Стас (делая свою ремарку в ее ремарке) улыбнулся:
– Лично нет, но – если бы захотел, пожалуй.
– Это вряд ли, – могла бы сказать ему его смерть (ведь рядом с ним была женщина – смерть вполне могла бы её облик примерить); но – не сказала, а тоже улыбнулась действительно женской улыбкой:
– Это вряд ли, он сейчас там, откуда подобным тебе его никак не извлечь.
Смерть многое могла бы сказать (а не только повторять Волланда); но – не сказала, поскольку её рядом с ним не было (она была в нём). Заговорила женщина:
– Если вы знаете Виллона, тогда вам известно, что на том турнире он победил.
Он не стал ее перебивать и молча ответил:
– Это пустая известность; как и то, что (уже после победы) он победил и свою победу: оставил сытую жизнь во дворце и пустился бродяжить – что тоже было вполне бессмысленно.
Она (почти) услышала. Она (почти) понимала, что ему нет никакого дела до их жизней. Она улыбалась (всё ещё горделиво); но – уже напряженно и беспомощно. Она попыталась освободить свою (и уже не свою) руку, которую сама положила на его ладонь.
– Что вы делаете, ведь все же смотрят!
– Пусть видят (если умеют видеть); действительно, устройте нам турнир, где я предстану приглашенным на него трубадуром; но – главное: что будет наградой победителю? Быть может, утоление жажды?
Имел ли он в виду то озеро Зверя в Уруке (и свидание на его берегах), осталось не прояснённым – поскольку дальнейшие его слова (заключённые в двух предложениях всем этим людям за столом) описывали всю историю человеческой (смертной) плоти:
– Действительно – я давно изнываю от от жажды над ручьем. Или наградою будет nova vita?
Он говорил им лютую правду (и улыбался). Потом – он улыбнулся ещё (и люто солгал):
– Быть – может, значит – будет.
Женщина поощрительно усмехнулась:
– Ах, вы и в Алигьери сведущи! – она имела в виду новую жизнь; но – не было у неё (никакой) новой жизни.
Она была тонкой, легкой и высокой. Лет ей было основательно за сорок; но – значения (никакого) это не имело.

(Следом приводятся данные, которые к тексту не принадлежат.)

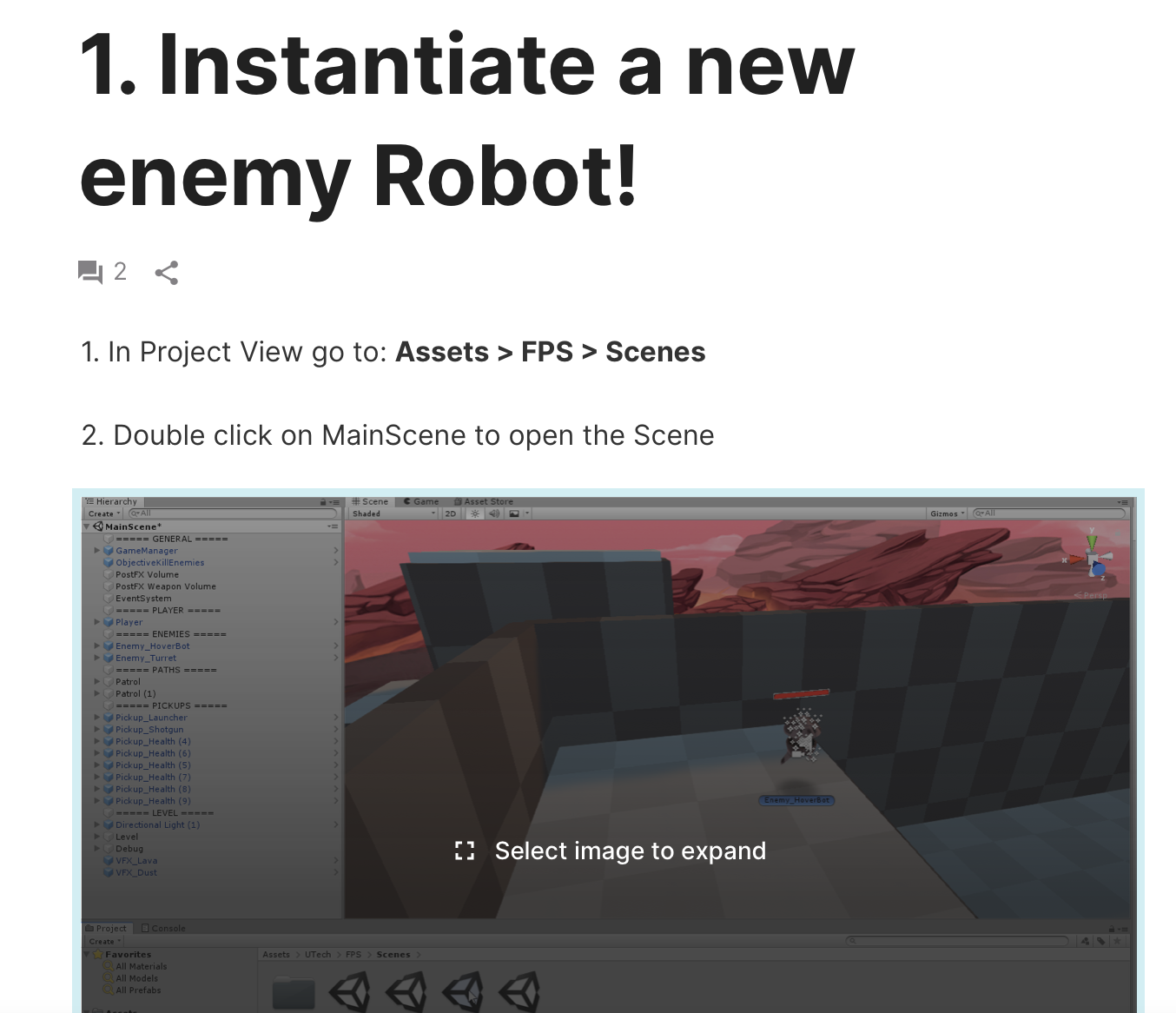 Als eerste microgame heb ik voor de FPS game gekozen. Hierbij moest je schieten op je vijanden zodat die op een gegeven moment “dood” gaan. Eerst kreeg je twee kleine vijanden, die je best makkelijk dood kon maken. Daarna ging je naar je grote vijand die langer blijft leven, dus moeilijker om dood te krijgen. Om de game te bewerken kon je verschillende elementen toevoegen. Dit werd stap voor stap uitgelegd. Zo heb ik bijvoorbeeld bananen op het speelveld neergelegd. In de foto’s en het filmpje hieronder zie je een beetje hoe het werkt.

Главное: на сердце у нее не было (ничего) настоящего; но – и не могло быть; да он и не собирался забирать у неё богатства её нищеты – которое она понимала несчастьем своим); да он и не смог бы ничего забрать (ни прошлого, ни будущего).
Зато – (оказываясь нотой «да» и отказываясь от ноты «нет» – за неимением альфы с омегой) он собирался утвердить себя в настоящем; чувствовала она или нет (какое-то загнанное выражение металось всё же в её глазах); но – ей никогда не будет дано понять, насколько опасен ее необычный сосед (и насколько обычна его необычность)!
Загнанное (обращенное вовне) выражение в её глазах в глубине своей упиралось о её душу (и не хотело уходить).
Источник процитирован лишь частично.